Yesterday, When I was dropping mom at school. I saw a boy wearing a hood over where It was written: “Positive Vibes Only” and he fell on the road and the situation was very peculiar as he was the “Negative Vibes Only” type person among all who are trying to solace him and seeking a hospital for him. Look around yourself, Instagram, Facebook, Twitter, WhatsApp bios, some of your screen wallpaper are flooded with these positive vibes.
The purpose of these “Positive Words” is to make people more focused, happy, career-oriented, and also not to focus on the melancholy trauma of daily life, but they are outperforming the opposite because when you try something and probably we get fail, these words make us feel miserable, as they set standards for a positive life, quality life, achievers’ life, and failing leads to negativity which you don’t want, so you feel you did something atrocious, you are the black sheep, you are not for this world as this world serves to positive achievers only. So,
What is toxic positivity?
It’s the positive feeling in excessive amounts in all situations and can cause emotional imbalance by suppressing negative feelings.
I see people having a facade of positivity and when you talk to them about your negative emotions, they say: “Hey bro stop-stop you are looking at this circle around me it’s my positive vibe only zone, and please no negativity”. You go through your biggest emotional challenge, you go out and try to talk to somebody and what they tell you, “It’s just a phase, you don’t know what the struggle is, you’ve no idea, be positive and get through it” that hurts the people because people want them to understand them, what they have been through, they want advice, help and sometimes they just want you to listen to them.
Stats show that in India, and across the world, people are suffering in silence. Isn’t it a conundrum? we are living in the age of social media, where we are just one click away from our friends, family, and acquaintances, we don’t even try to talk to them because we are so absorbed in Instagram, Netflix that we don’t have time.
Today depression is the leading cause of disability people are suffering from mental illness and anxiety attacks. A third of us judge ourself for having unpleasant emotions like anger, grief or just being sad and actively trying to push those feeling aside which is not a solution of the problem we have to think deep so we can find the root cause of the problem and accordingly to resolve it because there is a solution to every problem.
Why Toxic Positivity is bad?
Toxic positivity is bad for us for reasons:
- It instantly shut down the emotional conversation, the super unique opportunity for you or someone to seek help has gone because it can instantly suppress the bad emotion but do not work on the root cause of the problem and the problem gets bigger and bigger as it’s not treated on time and correctly.
- It divides emotion into good or bad emotion and demonizes the bad emotion and the fact is there is no good or bad emotion, every emotion has its function which tells what is going inside our body and in the environment and how we react to them, we feel bad because we need to something correct which is not happening or we are not doing it.
- It has also an adverse effect on our minds because people became procrastinators; they think they have enough time to do a task, but we have limited time on this earth, they live inside their fairy world where everything just falls under their feet doing and they don’t need to do hard work or sacrifice for their dreams to make them a reality, which is harmful to the personal, professional and mental growth of students or of an individual.
How to avoid Toxic Positivity?
Instead of saying these “toxic positive words” we should rather say
|Toxic Positivity Words||Support and Validation|
|“Just be positive,”||“It’s never great to feel like that.

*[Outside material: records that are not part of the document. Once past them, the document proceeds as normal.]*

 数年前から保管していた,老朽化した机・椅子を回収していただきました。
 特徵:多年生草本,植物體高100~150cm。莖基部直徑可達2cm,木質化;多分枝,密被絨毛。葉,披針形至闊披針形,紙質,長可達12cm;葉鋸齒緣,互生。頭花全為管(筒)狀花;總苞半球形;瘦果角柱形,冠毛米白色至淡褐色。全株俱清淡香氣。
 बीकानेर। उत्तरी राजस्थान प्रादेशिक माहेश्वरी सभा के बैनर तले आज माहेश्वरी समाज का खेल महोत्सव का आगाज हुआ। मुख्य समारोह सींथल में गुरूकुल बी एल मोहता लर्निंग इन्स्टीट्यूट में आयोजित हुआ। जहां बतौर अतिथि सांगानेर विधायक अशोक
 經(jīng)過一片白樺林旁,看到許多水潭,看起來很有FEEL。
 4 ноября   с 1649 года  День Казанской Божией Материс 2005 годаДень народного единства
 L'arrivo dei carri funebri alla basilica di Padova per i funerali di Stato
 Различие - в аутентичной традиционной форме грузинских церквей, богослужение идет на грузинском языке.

Is there something we can do today that would help so that you’d enjoy?”|
|“Stop being so negative!”||“It’s pretty normal to be angry in this situation. I’m here for you.”|
|“See the good in everything,”||“I don’t know what to say right now. I’m just well pleased you told me.”|
|“forget it,”||“It’s hard to leave but time will heal it all, what we can do now so, you can divide your attention,”|
|“It is what it is,”||“No, right is right and wrong is wrong and we support you because we know that you are right,”|
Let’s get back to the Incident of the boy who fell on road, if those people who helped that boy to get him to hospital, solacing him and what if they said “just be positive you will heal automatically”, did that work for the boy, did he heal? I don’t think so, on the contrary boy would feel even sad and became frustrated.

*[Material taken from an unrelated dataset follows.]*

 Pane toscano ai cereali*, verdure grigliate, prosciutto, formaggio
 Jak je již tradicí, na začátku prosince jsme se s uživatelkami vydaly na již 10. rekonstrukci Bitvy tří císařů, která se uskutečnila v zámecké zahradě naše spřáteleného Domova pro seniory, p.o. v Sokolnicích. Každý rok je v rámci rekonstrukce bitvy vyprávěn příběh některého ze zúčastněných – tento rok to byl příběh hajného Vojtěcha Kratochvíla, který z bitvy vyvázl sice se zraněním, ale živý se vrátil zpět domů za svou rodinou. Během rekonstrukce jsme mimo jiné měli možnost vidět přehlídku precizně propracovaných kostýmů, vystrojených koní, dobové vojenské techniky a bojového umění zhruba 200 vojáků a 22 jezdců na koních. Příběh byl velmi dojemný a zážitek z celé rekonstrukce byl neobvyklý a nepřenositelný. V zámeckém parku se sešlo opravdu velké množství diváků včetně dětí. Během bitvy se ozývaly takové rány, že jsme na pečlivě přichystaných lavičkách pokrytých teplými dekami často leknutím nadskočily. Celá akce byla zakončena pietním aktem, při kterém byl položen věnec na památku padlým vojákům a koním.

We should understand as we can’t eat sweets all day, we need salty too. So is the positivity–negativity. Those who acknowledge and validate their emotions progress way better than those who live in denial. By living in fake positive emotions, we can’t enjoy real positive emotions, what even worse are the “good vibes only” kind of people that have zero tolerance for anything that they perceive as “negative”, insisting that they only surround themselves with happy, shiny and upbeat people.
Emotions are the part of human conduct it’s necessary as it tells us we are alive, we can feel, rejecting either good or bad means rejecting fifty percent of the universe. Everyone – even the most positive person you’ll meet–has a dark side, as everyone has a shadow.

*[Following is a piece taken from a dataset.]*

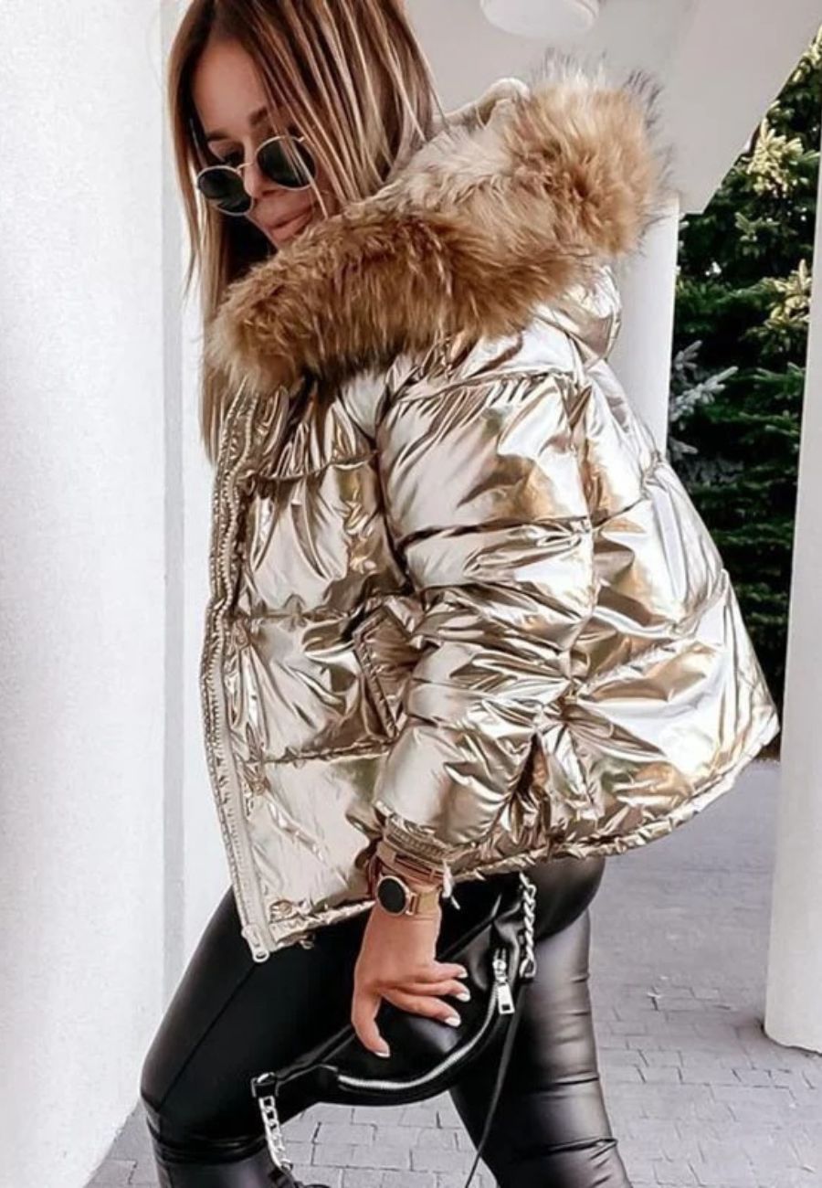 Cette doudoune brillante pour femme, disponible en Noir et Doré, ainsi qu'en 5 tailles, est idéale pour les journées fraîches avec style. Son design léger et chaud en fait l'alliée parfaite pour la mi-saison et l’hiver.

Toxic positivity is an attempt to force happiness by rejecting any form of undesirable aspects of certain events, while true positivity is adopting a positive attitude towards these certain events while accepting the negative aspects at the same time.
How can we possibly help people when we deny them at the same time? So, if I can redesign that phrase or Idea of “good vibes only” or “positive vibes only”. I would say “All vibes are welcome”.